The FIA has confirmed it has made a series of changes to the criteria needed for aspiring drivers to qualify for the Super License required to compete in Formula 1.

The sport’s governing body announced tougher criteria ahead of the 2015 season following Scuderia Toro Rosso’s signing of 17-year-old racer Max Verstappen, who had contested just one season in the FIA European Formula 3 Championship before making the leap to Formula 1.

These changes ruled that, in future, all new Formula 1 drivers must be at least 18 years of age, hold a valid driving license, and have a knowledge of Formula 1’s sporting regulations.

In addition, they will be required to have at least two years of racing experience in junior categories, where their achievements will be rated on a results-based points system determined by the FIA.

Drivers had to achieve at least 40 qualification points, which they could earn based on their performances over the preceding three years in a number of FIA-recognised racing championships.

The initial proposal attracted immediate criticism for what many believed was an unfair favoritism being given to FIA-sanctioned championships over series’ which had FIA recognition. An example was that a driver who won the F3 European Championship would qualify for a Super License, while the winner of the Formula Renault 3.5 Series – which runs cars running considerably more downforce and power – would not qualify.

An analysis of the original points’ system also showed that – were the points’ system hypothetically applied retrospectively – the majority of today’s Formula 1 drivers would not even qualify for a Super License.

The revised system will still allow the overall winner of the GP2 Series, European Formula 3, IndyCar Series and FIA World Endurance Championship (LMP1 only) to qualify for a Super License. The addition to this list will be the FIA Formula E championship, while the still-to-be-launched Formula 2 championship is also on the list.
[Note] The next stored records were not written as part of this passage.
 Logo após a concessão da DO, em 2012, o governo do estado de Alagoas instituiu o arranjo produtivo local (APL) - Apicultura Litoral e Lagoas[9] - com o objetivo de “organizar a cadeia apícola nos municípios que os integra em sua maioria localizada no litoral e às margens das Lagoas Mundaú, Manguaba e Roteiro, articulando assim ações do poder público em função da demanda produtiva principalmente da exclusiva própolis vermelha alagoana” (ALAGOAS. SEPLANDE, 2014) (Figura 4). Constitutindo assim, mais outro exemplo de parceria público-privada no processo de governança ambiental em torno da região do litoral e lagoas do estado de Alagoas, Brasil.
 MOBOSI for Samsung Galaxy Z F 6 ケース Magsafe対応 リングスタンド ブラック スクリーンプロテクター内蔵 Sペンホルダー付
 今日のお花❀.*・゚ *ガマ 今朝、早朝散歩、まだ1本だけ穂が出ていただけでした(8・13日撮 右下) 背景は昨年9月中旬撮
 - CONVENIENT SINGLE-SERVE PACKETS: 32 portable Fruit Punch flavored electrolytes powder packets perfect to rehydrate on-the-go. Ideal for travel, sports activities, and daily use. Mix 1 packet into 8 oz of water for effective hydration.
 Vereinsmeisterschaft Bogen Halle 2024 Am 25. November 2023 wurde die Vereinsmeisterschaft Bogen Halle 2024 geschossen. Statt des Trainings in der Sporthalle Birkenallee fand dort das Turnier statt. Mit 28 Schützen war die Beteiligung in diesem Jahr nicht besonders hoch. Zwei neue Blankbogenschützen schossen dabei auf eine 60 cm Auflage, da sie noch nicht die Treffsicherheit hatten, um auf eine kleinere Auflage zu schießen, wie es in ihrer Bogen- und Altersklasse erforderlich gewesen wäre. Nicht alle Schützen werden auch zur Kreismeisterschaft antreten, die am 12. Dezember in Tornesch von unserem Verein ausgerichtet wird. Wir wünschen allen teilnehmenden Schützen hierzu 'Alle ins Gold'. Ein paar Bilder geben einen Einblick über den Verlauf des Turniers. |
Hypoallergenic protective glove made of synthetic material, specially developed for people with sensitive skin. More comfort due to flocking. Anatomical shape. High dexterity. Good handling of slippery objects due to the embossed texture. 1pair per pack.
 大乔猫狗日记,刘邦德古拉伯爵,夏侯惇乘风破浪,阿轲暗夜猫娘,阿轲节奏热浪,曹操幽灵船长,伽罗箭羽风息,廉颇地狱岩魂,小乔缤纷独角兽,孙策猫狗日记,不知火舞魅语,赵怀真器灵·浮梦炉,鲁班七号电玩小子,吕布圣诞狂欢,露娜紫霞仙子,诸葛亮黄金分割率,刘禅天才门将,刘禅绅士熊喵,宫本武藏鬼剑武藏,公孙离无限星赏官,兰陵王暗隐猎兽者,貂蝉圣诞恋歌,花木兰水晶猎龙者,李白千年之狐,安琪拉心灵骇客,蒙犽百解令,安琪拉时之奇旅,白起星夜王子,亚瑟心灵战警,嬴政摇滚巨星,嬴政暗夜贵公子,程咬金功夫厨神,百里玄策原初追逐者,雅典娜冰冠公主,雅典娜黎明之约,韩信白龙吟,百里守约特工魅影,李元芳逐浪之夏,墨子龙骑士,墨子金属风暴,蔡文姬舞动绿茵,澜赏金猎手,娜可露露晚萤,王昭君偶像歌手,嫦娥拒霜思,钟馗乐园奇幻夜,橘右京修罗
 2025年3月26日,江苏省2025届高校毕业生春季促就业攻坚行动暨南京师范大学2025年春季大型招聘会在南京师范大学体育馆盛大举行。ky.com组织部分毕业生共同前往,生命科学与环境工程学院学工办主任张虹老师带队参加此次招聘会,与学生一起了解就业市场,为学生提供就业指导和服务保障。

The criticism that the model still favours FIA-sanctioned series’ remains – although the IndyCar Series is a noticeable exception – in that the winner of the Formula Renault 3.5 Series (35 points) would not automatically qualify.

Other championships that continue to qualify for Super License points are the GP3 Series (30 points) and the Japanese Super Formula (25), whose allocations remain unchanged.

New to the list are the World Touring Car Championship, DTM and Indy Lights series’, which will all give 15 points to the title-winner.

National Formula 4 and Formula 3 categories, Formula Renault EuroCup, ALPS or NEC and CIK-FIA karting championships are the others recognised on the governing body’s list, and they will qualify for a maximum of 10 points.

These changes will come into effect in time for the 2016 Formula 1 season.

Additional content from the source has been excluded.